• _Material shown_:

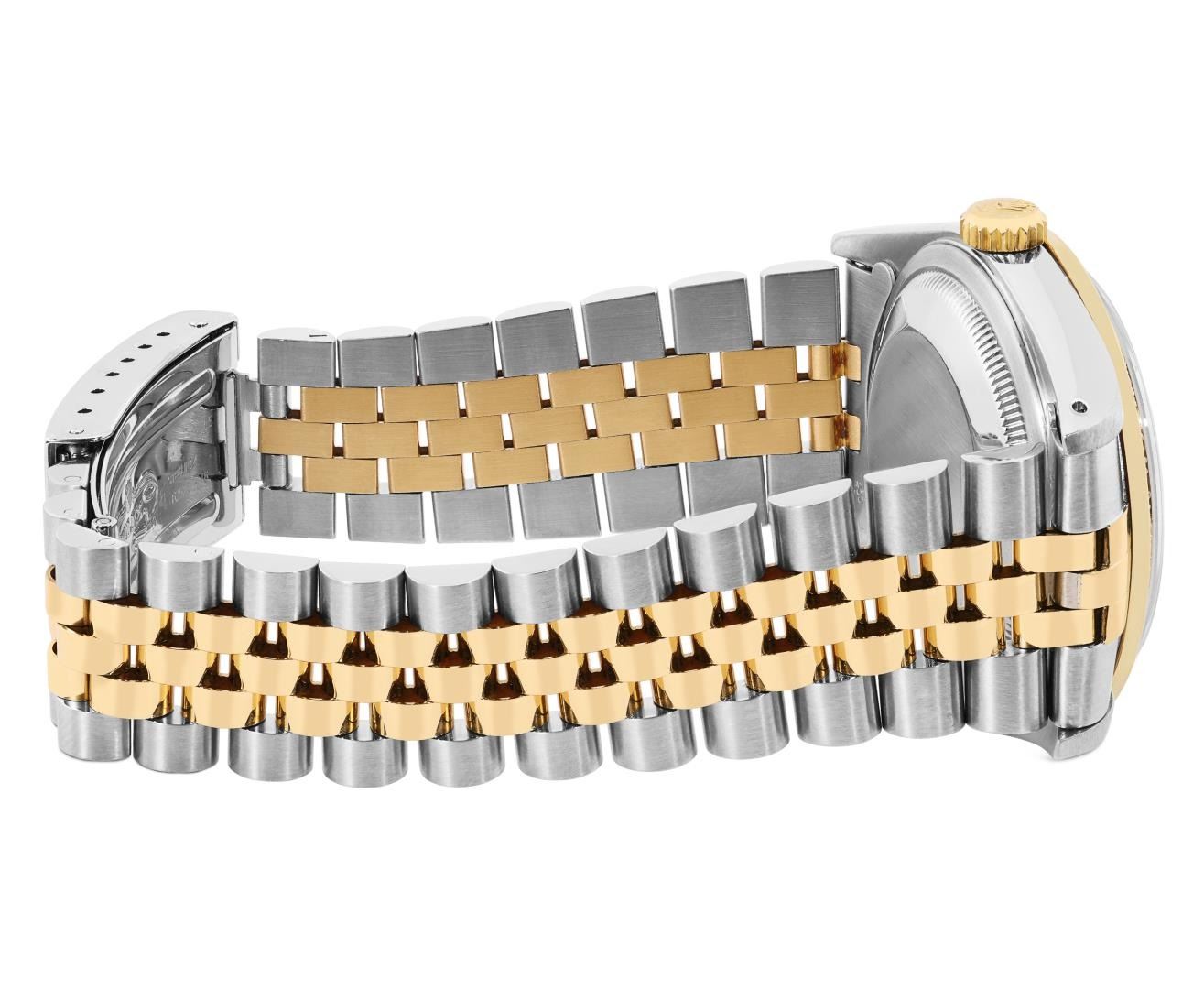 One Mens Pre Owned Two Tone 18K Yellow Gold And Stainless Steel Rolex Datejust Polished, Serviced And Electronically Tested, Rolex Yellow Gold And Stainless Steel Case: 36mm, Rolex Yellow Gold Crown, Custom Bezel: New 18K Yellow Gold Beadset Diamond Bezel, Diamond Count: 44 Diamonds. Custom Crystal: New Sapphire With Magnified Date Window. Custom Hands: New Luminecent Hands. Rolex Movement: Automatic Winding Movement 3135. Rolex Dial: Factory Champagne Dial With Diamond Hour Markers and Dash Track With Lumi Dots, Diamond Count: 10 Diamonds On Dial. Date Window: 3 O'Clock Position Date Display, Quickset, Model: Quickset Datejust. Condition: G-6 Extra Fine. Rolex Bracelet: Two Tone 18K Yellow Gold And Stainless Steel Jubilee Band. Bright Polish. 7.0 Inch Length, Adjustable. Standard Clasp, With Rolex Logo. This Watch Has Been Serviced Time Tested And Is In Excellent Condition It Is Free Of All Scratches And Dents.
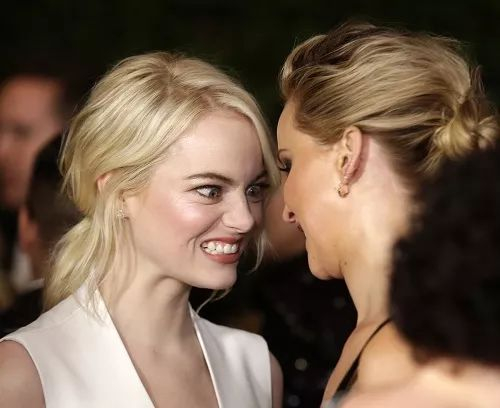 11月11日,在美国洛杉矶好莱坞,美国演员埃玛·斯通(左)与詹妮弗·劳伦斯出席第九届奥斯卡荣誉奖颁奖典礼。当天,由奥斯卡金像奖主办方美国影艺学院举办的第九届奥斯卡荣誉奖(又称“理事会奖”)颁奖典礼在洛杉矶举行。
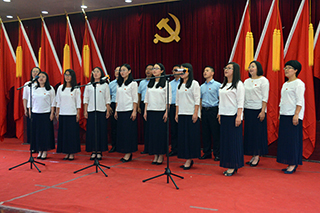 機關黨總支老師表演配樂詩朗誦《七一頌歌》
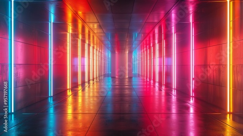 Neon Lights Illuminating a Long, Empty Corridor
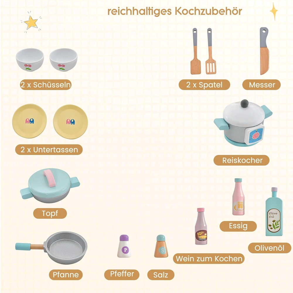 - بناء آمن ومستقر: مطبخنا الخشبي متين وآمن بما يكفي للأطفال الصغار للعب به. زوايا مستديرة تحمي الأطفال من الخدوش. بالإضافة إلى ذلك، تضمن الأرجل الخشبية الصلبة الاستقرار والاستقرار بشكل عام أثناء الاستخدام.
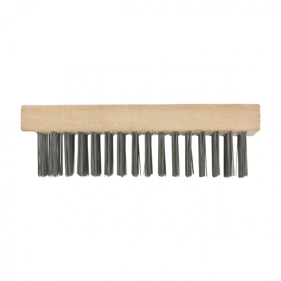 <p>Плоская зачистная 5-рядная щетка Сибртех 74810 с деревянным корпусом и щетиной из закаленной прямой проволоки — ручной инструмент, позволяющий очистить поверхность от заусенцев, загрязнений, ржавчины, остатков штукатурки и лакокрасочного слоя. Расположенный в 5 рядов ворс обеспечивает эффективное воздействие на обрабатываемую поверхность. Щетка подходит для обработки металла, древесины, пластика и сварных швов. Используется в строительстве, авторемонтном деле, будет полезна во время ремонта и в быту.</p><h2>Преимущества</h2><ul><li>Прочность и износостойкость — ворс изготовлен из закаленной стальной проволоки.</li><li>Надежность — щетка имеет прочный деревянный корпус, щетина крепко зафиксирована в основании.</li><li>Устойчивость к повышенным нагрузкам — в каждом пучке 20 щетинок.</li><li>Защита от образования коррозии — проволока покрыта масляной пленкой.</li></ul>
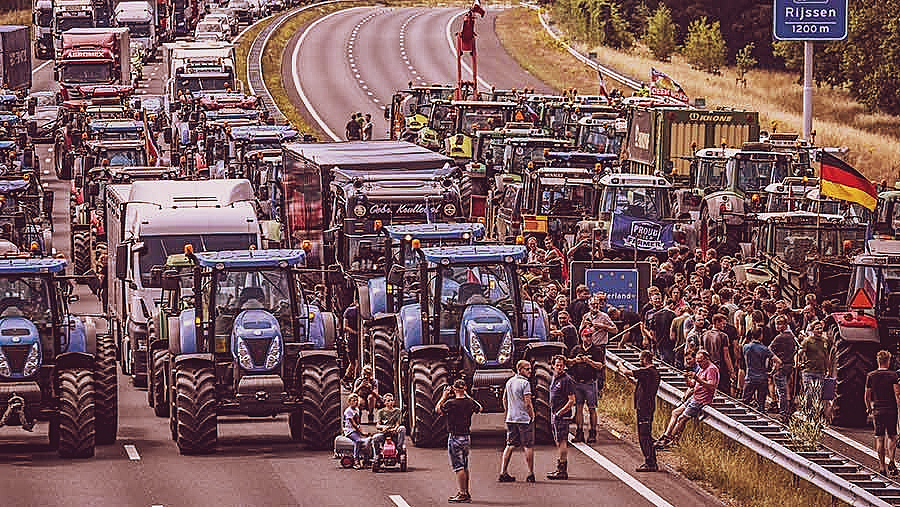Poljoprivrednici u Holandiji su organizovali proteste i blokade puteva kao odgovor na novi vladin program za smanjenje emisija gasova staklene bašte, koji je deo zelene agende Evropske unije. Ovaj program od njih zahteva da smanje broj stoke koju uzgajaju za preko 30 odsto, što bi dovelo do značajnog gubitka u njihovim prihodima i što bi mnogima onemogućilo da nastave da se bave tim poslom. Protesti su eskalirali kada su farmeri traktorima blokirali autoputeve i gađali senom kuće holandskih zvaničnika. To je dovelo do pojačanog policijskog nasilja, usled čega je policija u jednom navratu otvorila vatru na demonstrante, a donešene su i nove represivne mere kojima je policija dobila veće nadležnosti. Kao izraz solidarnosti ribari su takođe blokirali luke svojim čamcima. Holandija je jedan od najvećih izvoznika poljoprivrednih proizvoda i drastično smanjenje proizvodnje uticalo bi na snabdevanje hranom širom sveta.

• _Work instruction_:
Only the lines from the one containing "<p>Плоская зачистная 5-рядная" through the end of the records should be copied, exactly and with both ends included; the pictures should not.

• _Completed exercise_:
 <p>Плоская зачистная 5-рядная щетка Сибртех 74810 с деревянным корпусом и щетиной из закаленной прямой проволоки — ручной инструмент, позволяющий очистить поверхность от заусенцев, загрязнений, ржавчины, остатков штукатурки и лакокрасочного слоя. Расположенный в 5 рядов ворс обеспечивает эффективное воздействие на обрабатываемую поверхность. Щетка подходит для обработки металла, древесины, пластика и сварных швов. Используется в строительстве, авторемонтном деле, будет полезна во время ремонта и в быту.</p><h2>Преимущества</h2><ul><li>Прочность и износостойкость — ворс изготовлен из закаленной стальной проволоки.</li><li>Надежность — щетка имеет прочный деревянный корпус, щетина крепко зафиксирована в основании.</li><li>Устойчивость к повышенным нагрузкам — в каждом пучке 20 щетинок.</li><li>Защита от образования коррозии — проволока покрыта масляной пленкой.</li></ul>
Poljoprivrednici u Holandiji su organizovali proteste i blokade puteva kao odgovor na novi vladin program za smanjenje emisija gasova staklene bašte, koji je deo zelene agende Evropske unije. Ovaj program od njih zahteva da smanje broj stoke koju uzgajaju za preko 30 odsto, što bi dovelo do značajnog gubitka u njihovim prihodima i što bi mnogima onemogućilo da nastave da se bave tim poslom. Protesti su eskalirali kada su farmeri traktorima blokirali autoputeve i gađali senom kuće holandskih zvaničnika. To je dovelo do pojačanog policijskog nasilja, usled čega je policija u jednom navratu otvorila vatru na demonstrante, a donešene su i nove represivne mere kojima je policija dobila veće nadležnosti. Kao izraz solidarnosti ribari su takođe blokirali luke svojim čamcima. Holandija je jedan od najvećih izvoznika poljoprivrednih proizvoda i drastično smanjenje proizvodnje uticalo bi na snabdevanje hranom širom sveta.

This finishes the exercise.